Here’s what happened while we basked in our lotus garden of entitled arrogance:
In this serene town on South America’s Pacific coast, China is building a megaport that could challenge U.S. influence in a resource-rich region that Washington has long considered its backyard.
The Chancay deep-water port, rising here among pelicans and fishermen in small wooden boats, is important enough to Beijing that Chinese leader Xi Jinping is expected to inaugurate it at the end of the year in his first trip to the continent since the pandemic.
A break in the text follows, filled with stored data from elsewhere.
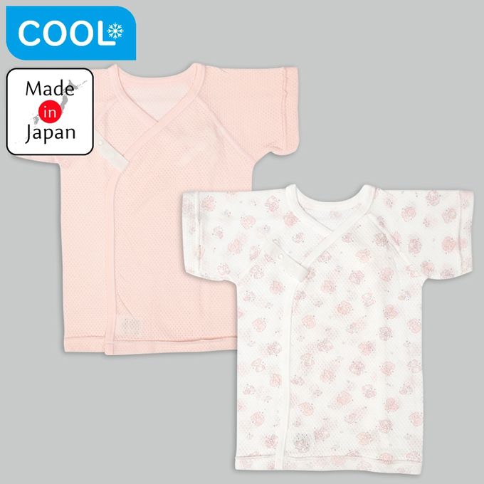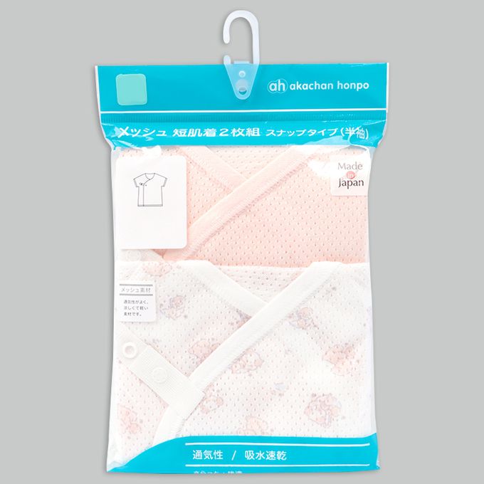短袖網眼肚衣2件組-動物-粉紅色-日本製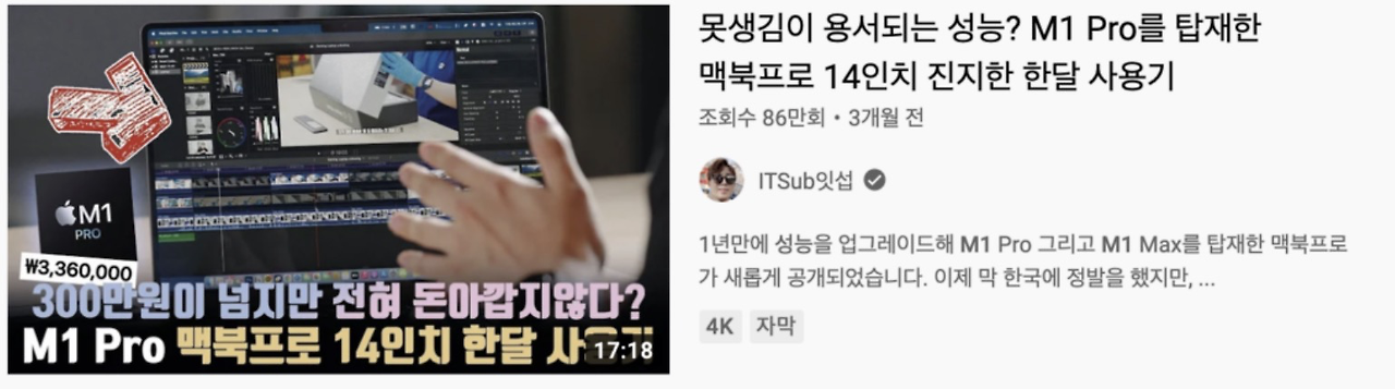 ITSub잇섭 : 못생김이 용서되는 성능? M1 Pro를 탑재한 맥북프로 14인치 진지한 한달 사용기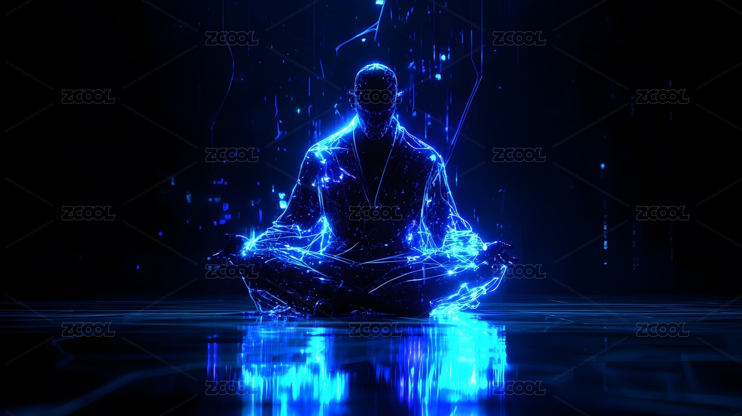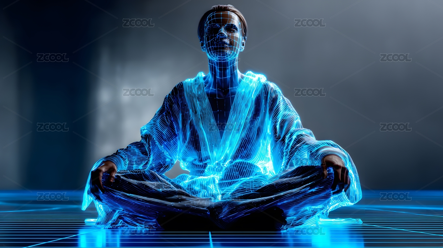 科技感数字人打坐冥想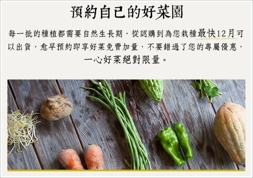▼除了有機米之外,也有有機蔬菜可供下訂,下訂後要多等個2~3個月的栽種期,也就是助養這塊菜園,讓這塊菜園是真心為你而栽種,也更能減少工廠蓋在農地上的機會,讓土地有更多機會可以轉型成健康的自然農法!健康的美味,大口認為是值得等待的~而且還是限量的好菜唷!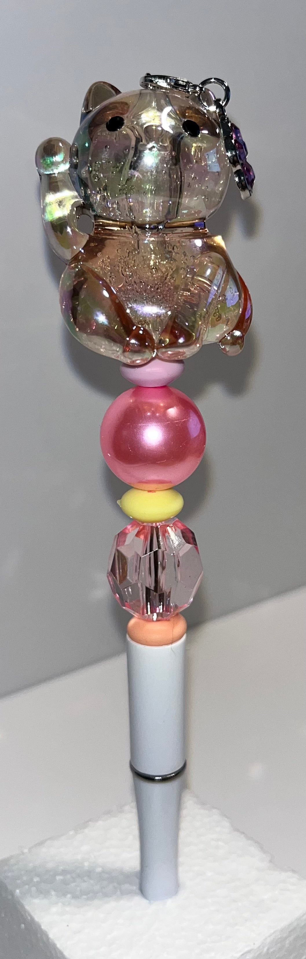 Hand Beaded Beckoning Neko Cat! Iridescent orange and purple crystal clear Neko Cat with Charm on head! Various colors! beautiful selection of hand-beaded pens are made with quality materials and are very durable. Colors and selections may vary. Each pen comes pre-filled with black ink. You will receive one extra black ink refill for the future.

Majority-owned by the giant China Ocean Shipping group, known as Cosco, Chancay promises to speed trade between Asia and South America, eventually benefiting customers as far away as Brazil with shorter sailing times across the Pacific for everything from blueberries to copper.
As nations around the world shudder at a new flood of cheap Chinese manufactured goods, the port could open new markets for its electric vehicles and other exports. China is already the top trade partner for most of South America.
No, it’s not a naval base - yet - but it is something even more important.
“This changes the game,” said Eric Farnsworth, a former high-ranking State Department diplomat who now leads the Washington office of the Council of the Americas think tank. “It really platforms China in a major new way in South America as the gateway to global markets. It is not just a commercial issue at that point, it is a strategic issue.”
Located 50 miles north of Peru’s capital, Lima, the $3.5 billion port—funded by Chinese bank loans—will be the first on South America’s Pacific coast able to receive megaships because of its nearly 60 feet of depth, though other ports in the region have large container-handling capacity. That will allow companies to send cargo on those vessels directly between Peru and China rather than on smaller ships that must go first to Mexico or California.
…
Peru’s Foreign Minister Javier González-Olaechea said that if the U.S. is concerned about China’s growing presence in Peru, then it should step up its own investments, adding that “everyone is welcome” to invest.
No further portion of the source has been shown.